At a certain point, the Hunter team says, the lack of bike infrastructure in many parts of the city feeds into a vicious cycle. The full picture of the city’s bicycle network “reinforces the impression that gentrification follows bicycle planning, and vice versa,” they write in the report. “This practice, in turn, makes it more difficult for DOT to build outside the most bicycle-friendly community districts.”

To escape this cycle, the Hunter students offered DOT a range of suggestions. Building local bike networks oriented around transit hubs mitigates the need for new bike lanes to be connected to the Manhattan network, for example. Integrating bike planning into a strengthened Safe Routes to School program could help spread safer infrastructure across the city while addressing the particular needs of young people and families.

They also urged DOT to change the tools it uses to measure cycling. The agency’s focus on the screenline count, which measures the number of cyclists entering the Manhattan CBD, quantifies certain trips but ignores others (an issue which has also come up in the context of the screenline’s divergence from Census counts). The screenline is “legitimating DOT’s siting choices, so there’s a cycle of counting and building in the same places,” said team member Sam Stein.

The Hunter team tried out ways to supplement the screenline count by surveying cyclists in Flushing, Corona, and Jackson Heights. One survey was placed on the handlebars of parked bikes in those neighborhoods. The respondents mostly did not bike into Manhattan, so they would never turn up in the screenline count. A majority responded in either Spanish or Chinese. These cyclists had a serious need for safety improvements — 43 percent had been doored and 28 percent hit by a car — especially on popular routes like Roosevelt Avenue.

Cyclists in Flushing, Corona, and Elmhurst filled out surveys describing their daily routes. Roosevelt Avenue is widely used to get from one neighborhood to another. Click to enlarge.

Separately, the Hunter team recommended that DOT build stronger support for cycling by changing the way it integrates local groups, especially community boards, into the planning process.
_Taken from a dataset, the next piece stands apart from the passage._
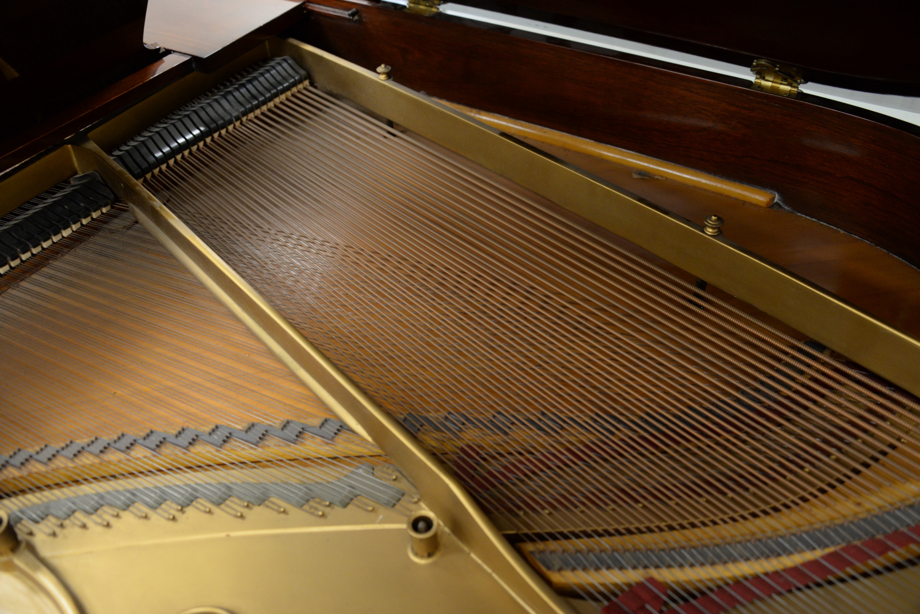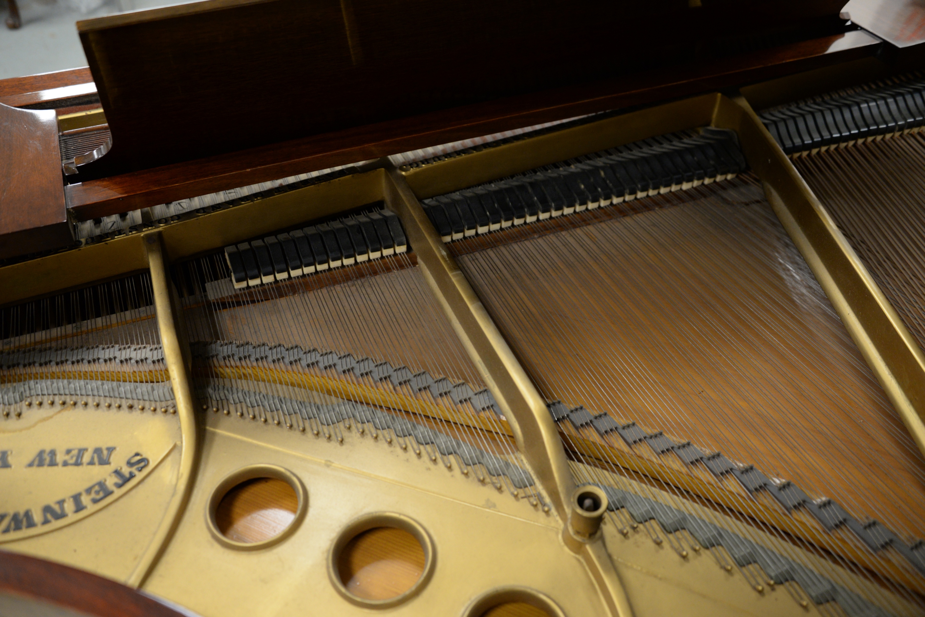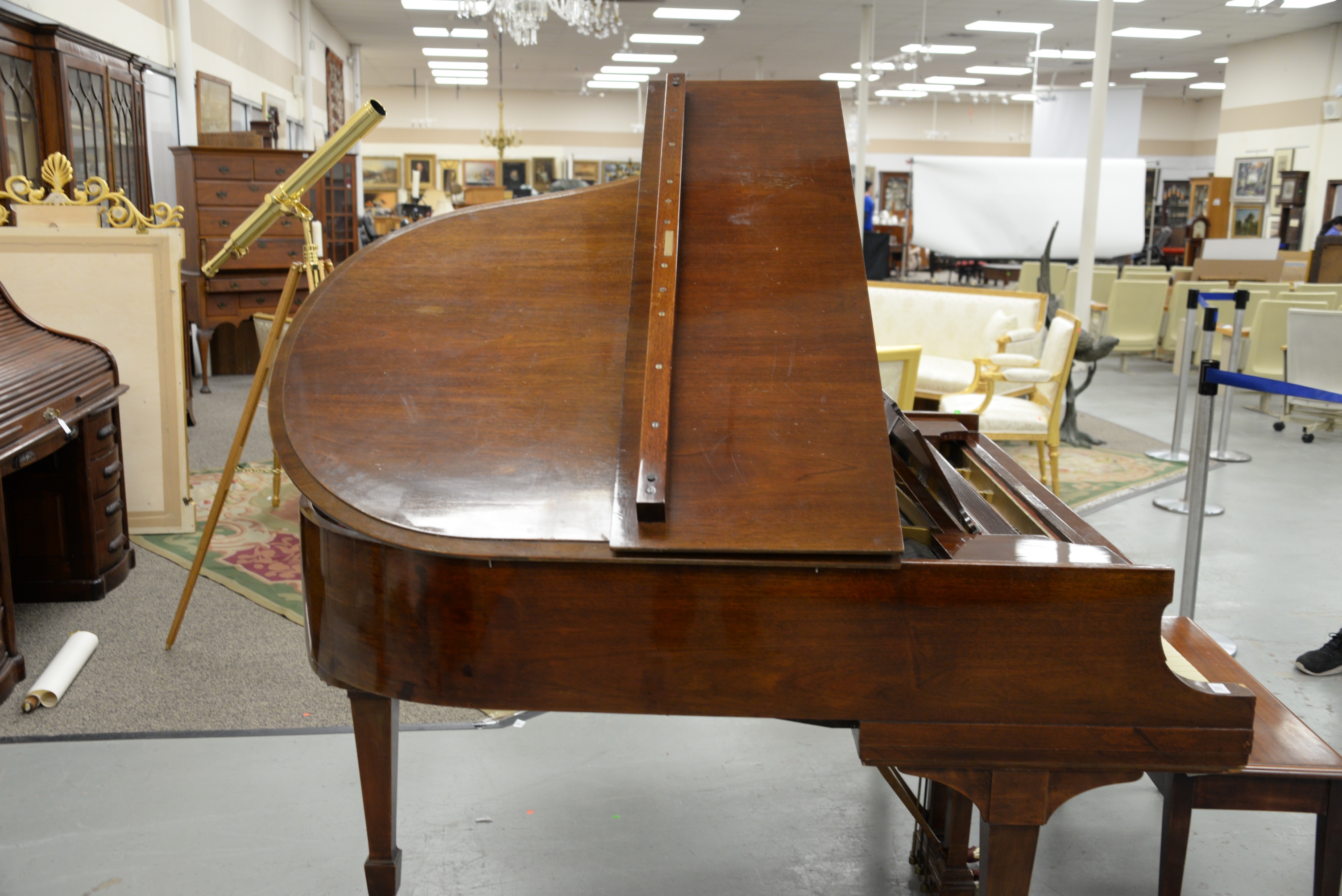 Steinway & Sons Mahogany Baby Grand Piano, circa 1912, serial no. 155108, along with bench, piano height 41 inches, length 66 inches, width 56 inches.

This call didn’t come with any rose-tinted glasses about the current failings of some community boards. “Community boards can often be parochial, short-sighted, and not truly representative of the full breadth of the local community,” they wrote in their report.

Even so, they argued, engaging more with community boards is necessary, especially given the strong likelihood that the next mayor will be more hesitant to support the expansion of the bike network. There is a need “to think beyond this administration and find community support for bicycle infrastructure,” said Harris-Hernandez. Despite the anti-bike impression you might get from some southern Brooklyn community board votes, the Hunter team notes that there are plenty of local groups outside the central city who want to bring safer cycling to their communities.

There are already some good examples of innovative agency outreach for DOT to build on. The Hunter students point to the relatively smooth rollout of a transportation plan for Jackson Heights, arguing that the steady, long-term public outreach that accompanied that project paved the way for its success so far.

Part of the current problem, they say, stems from a lack of capacity at the community board level. Manhattan Borough President Scott Stringer has proposed providing every community board with a trained urban planner, but in the absence of that, the Hunter team recommended that city agencies at least provide board members with regular trainings. “While this kind of work was begun with the ‘DOT Academy’ program,” they note, “it seems to have fallen by the wayside.”

The report suggests that bringing in community board members early on in the process, by inviting them to collect transportation data with DOT, for instance, can help overcome parochial concerns that too often obstruct change. Perhaps most importantly, Hunter identified groups like Make The Road New York, Desis Rising Up and Moving, and Queens Community House as eager to work with DOT on bike planning in their communities.